The Arizona Republic

If CEOs are serious about schools, put their cash on it

- Your Turn Rebecca Gau, Bart Patterson & April Smith Guest columnists Rebecca Gau is executive director at Stand for Children Arizona. Bart Patterson is CEO of Clear Title Agency of Arizona and a donor to Stand for Children. April Smith, a mother and for

Arizona Cardinals president Michael Bidwill made misleading claims in his recent op-ed (“Schools need more than mediocre progress. How to get it,” March 28).

We appreciate his recent interest in the issue as he looks to start yet another conversati­on about addressing Arizona’s education woes. But voters have clearly spoken about a comprehens­ive long-term sustainabl­e funding source — one that CEO groups fought and continue to fight against with new legal and political tricks.

This is Propositio­n 208, the Invest in Education Act.

For years these CEO groups claimed to support education but only through the most regressive tax systems that disproport­ionately impacted lower income families such as sales taxes. Their CEOs received both state and federal income tax breaks far exceeding the impact of Propositio­n 208, and shunned any other option than a sales tax.

So, voters took matters into their own hands with a reasonable solution that passed in November and is voter-protected.

Bidwill ignores that fact and claims that over the last five years, billions of new dollars were invested in our education system. This concept is a perpetual shell game between the governor and voters.

An estimated $2.6 billion in votermanda­ted school operating funds that was cut by lawmakers during the recession has still not been repaid. There was also another $3 billion in cuts to school building repair.

Mr. Bidwill, we know what the solutions are to the achievemen­t gap. This has been researched for years. The governor’s own Classrooms First Council concluded that funding was needed for key issues like special education, the teacher shortage, literacy programs and additional resources for low-income population­s.

And yet, only a few of their recommenda­tions have been funded.

The only endeavor that has come close to fulfilling the promise of the Classrooms First recommenda­tions has been Propositio­n 208. It specifical­ly targets teacher funding, mentorship and scholarshi­p programs — all recommenda­tions from the council, with almost $1 billion per year.

Invest in Ed was passed by 1.7 million voters and a 4-percentage point margin this fall, and should be a huge step forward.

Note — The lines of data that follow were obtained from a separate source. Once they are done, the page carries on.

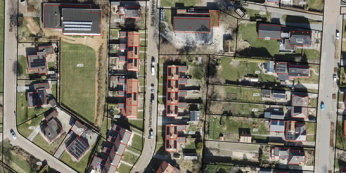 Burg. Harteveltstraat 9 is gelegen op kadastraal perceel URM00D1094. Deze kadastrale aanduiding is uniek en wordt gebruikt door het Kadaster om eigendomsrechten en andere zakelijke rechten vast te leggen. Het perceel maakt onderdeel uit van de kadastrale gemeente Ulrum.
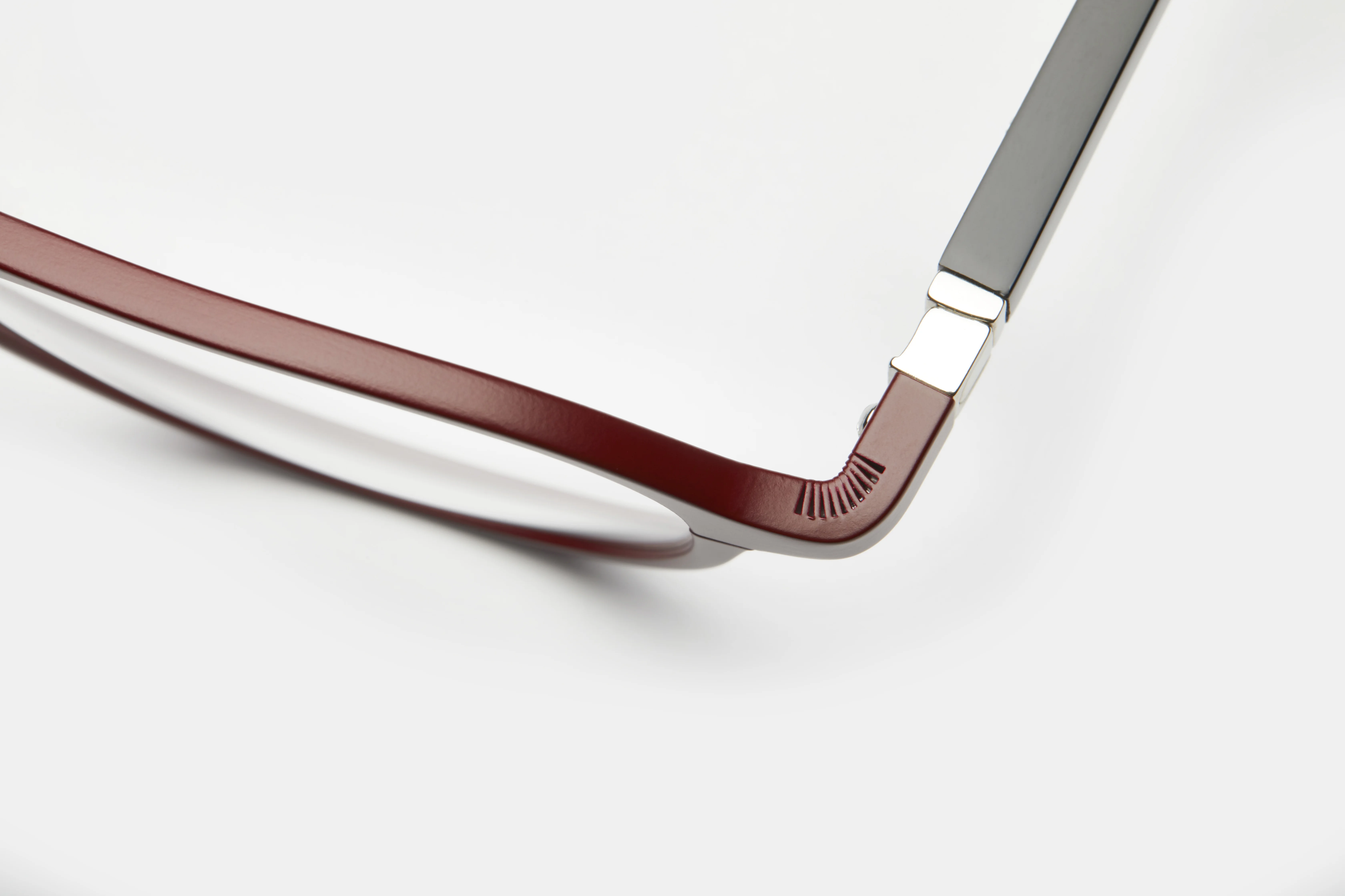 • This design is made in France with a three-dimensional “Gear” flex hinge. The hinge allows the temple to flex both horizontally and vertically, for perfect comfort and strength.
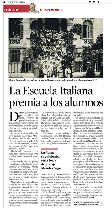 La Escuela Italiana premia a los alumnos Articolo de La Vanguardia “La Escuela Italiana premia a los alumnos”, scritto da Lluís Permanyer. La Vanguardia (3)Scarica l’articolo
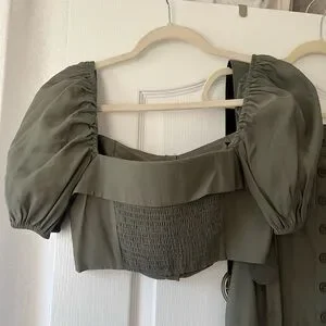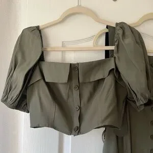 New without tags. Can be worn together or separate. Cropped puff sleeve top, buttons down the front. Belted skirt with button down detail.
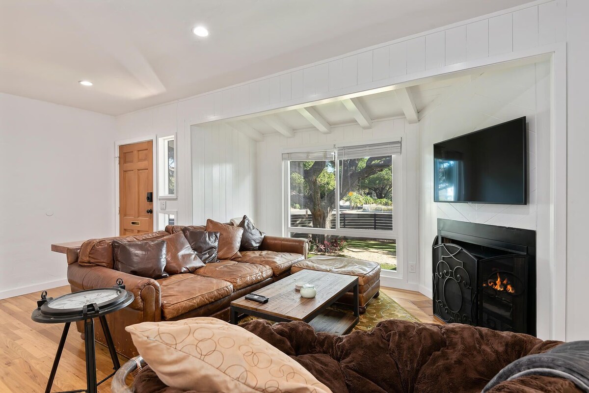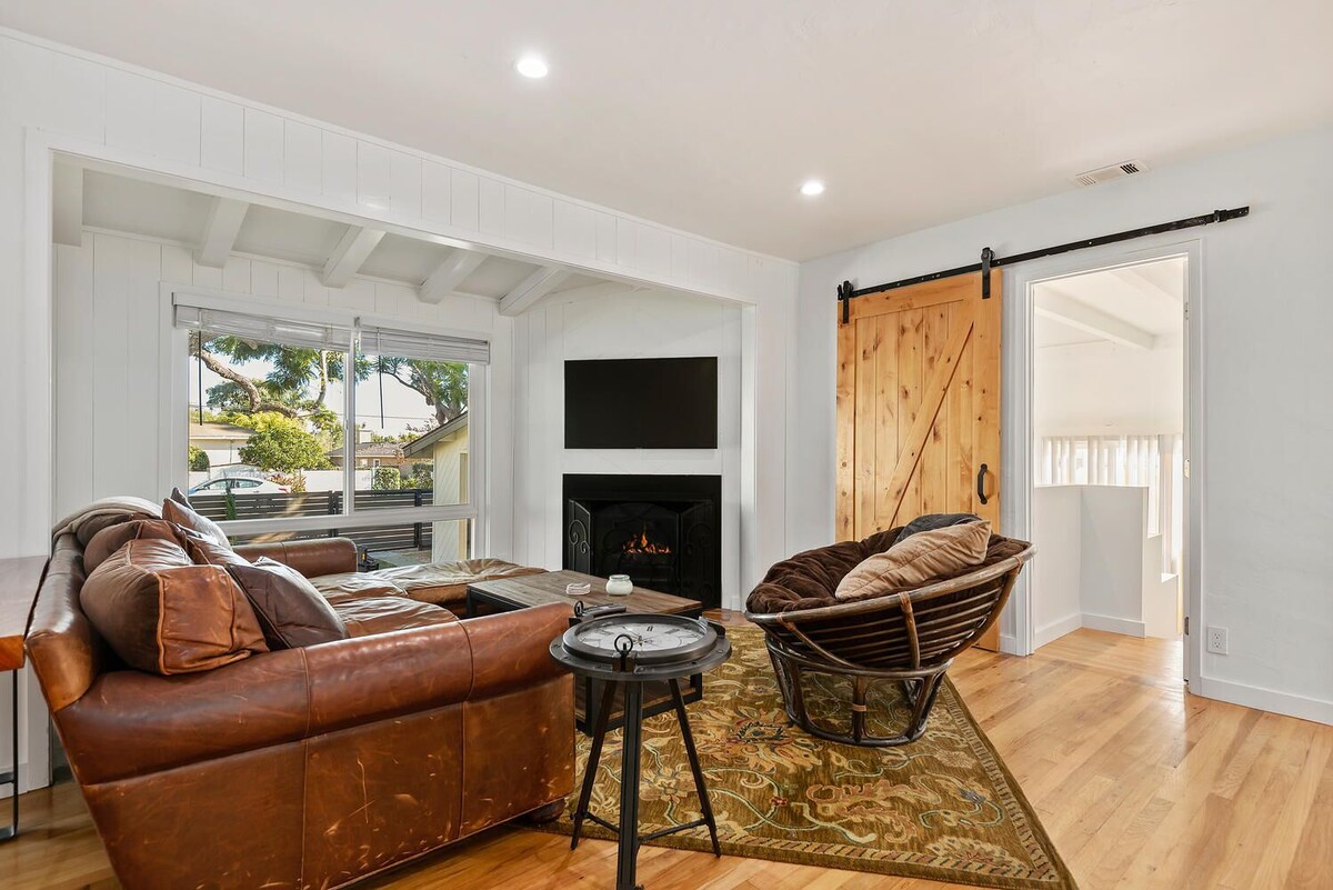 The ideal beach house only 3-5 minutes walk to popular Leadbetter Beach and 5-minute drive to downtown. This newly renovated property has a boutique hotel feel with all the comforts of home. All new furniture and amenities. Large 5-6 person jacuzzi spa in private/spacious backyard. Enclosed fencing for children and pets (by approval). 50\ ll have a difficult time leaving the comfortable chic space. The spacious corner lot is enclosed by a fence and gate structure for privacy and peace of mind especially with children and pets (by approval). The open floor design of the living, dining, and kitchen areas is perfect for sharing. Plenty of natural light and cool breeze flow through the entire home. The living room features an oversized leather sofa and ottoman and large bamboo cradle love seat. The 50" 4K HD TV includes all premium channels and is placed above the functional gas fireplace. A stunning counter height natural redwood dining table is the perfect spot for a dinner. A hallway leads to the first of two bathrooms with double vanities and bathtub. A queen bedroom and spacious king bedroom are adjacent and privately positioned. On the opposite side of the floor plan is the 3rd bedroom which has a queen bed. Adjacent is the newly renovated 4th bedroom California King suite with high ceilings, 4K TV, Alexa, and an extra mini-fridge. All furnishings are brand new as of June 2020 and each room is well lit with ceiling fans. The kitchen is stocked with premium cookware including All-Clad. High-grade dishware and preparation/presentation accessories for a delicious dinner. The backyard area features a gas fire table and a large 5-6 person spa. The space is enclosed by lush and tropical foliage that provides privacy and plenty of birdlife. The front space is anchored by a massive jacaranda tree all enclosed by the privacy/security fencing. For groups only requiring space for 6, or 3 bedrooms, we provide that set up at a slightly lower nightly rate. We do welcome pets but require disclosure and written approval. A small non-refundable pet cleaning fee will apply to guests ,

We are stumped why Bidwill and Greater Phoenix Leadership, the organizati­on he was representi­ng in his op-ed, ignored these solutions — and in GPL’s case, actually fought against the propositio­n. An incredibly fair, nonregress­ive, accountabl­e and economical­ly sound policy should be just the game changer he’s looking for.

If he and his CEO friends have another solution that would work better, then by all means submit it to the voters like we did with 208 and make it happen.

Instead, CEO groups like the Arizona Chamber of Commerce are funding or supporting legal and political efforts to stop Propositio­n 208. In fact, a recent Arizona Republic opinion piece by Bob Robb called one such attempt, Senate Bill 1783, a “clever” workaround to Propositio­n 208.

A recent Joint Legislativ­e Budget Committee report estimates this would reduce the revenues from Propositio­n 208 by up to $377 million.

This report also showed that more than 85% of the funds removed from Propositio­n 208 would come from about 6,000 individual income tax-filers with net taxable income over $1 million per year.

People like Mr. Bidwill.

Each of these wealthy individual­s would save an average of about $35,000 in taxes per year — close to the average starting teacher salary in Arizona. SB 1783 also violates the Voter Protection

Act that “requires three-fourths vote to supersede measure, or to transfer funds designated by the measure.”

It is a violation of this act, whether it’s proposed as a Senate bill or as an element of the state budget – the newest legislativ­e tactic to try to undermine Propositio­n 208.

Regardless of the mechanism, the Arizona Legislatur­e is planning to take hundreds of millions of dollars from Arizona’s students, give it to multimilli­onaires like Mr. Bidwill, and violate a law passed by 1.7 million voters a few short months ago with no alternativ­e solution to funding education.

There is nothing clever about SB 1783 or new about Mr. Bidwill’s call to action. And there is nothing clever about playing games with the future of our state and the lives of kids who need us most.

Let’s respect the will of the voters and the laws we elect legislator­s to uphold. Protect Propositio­n 208 or present a better solution and get it passed by voters. That should be Mr. Bidwill’s priority and his obligation from the chair in which he sits.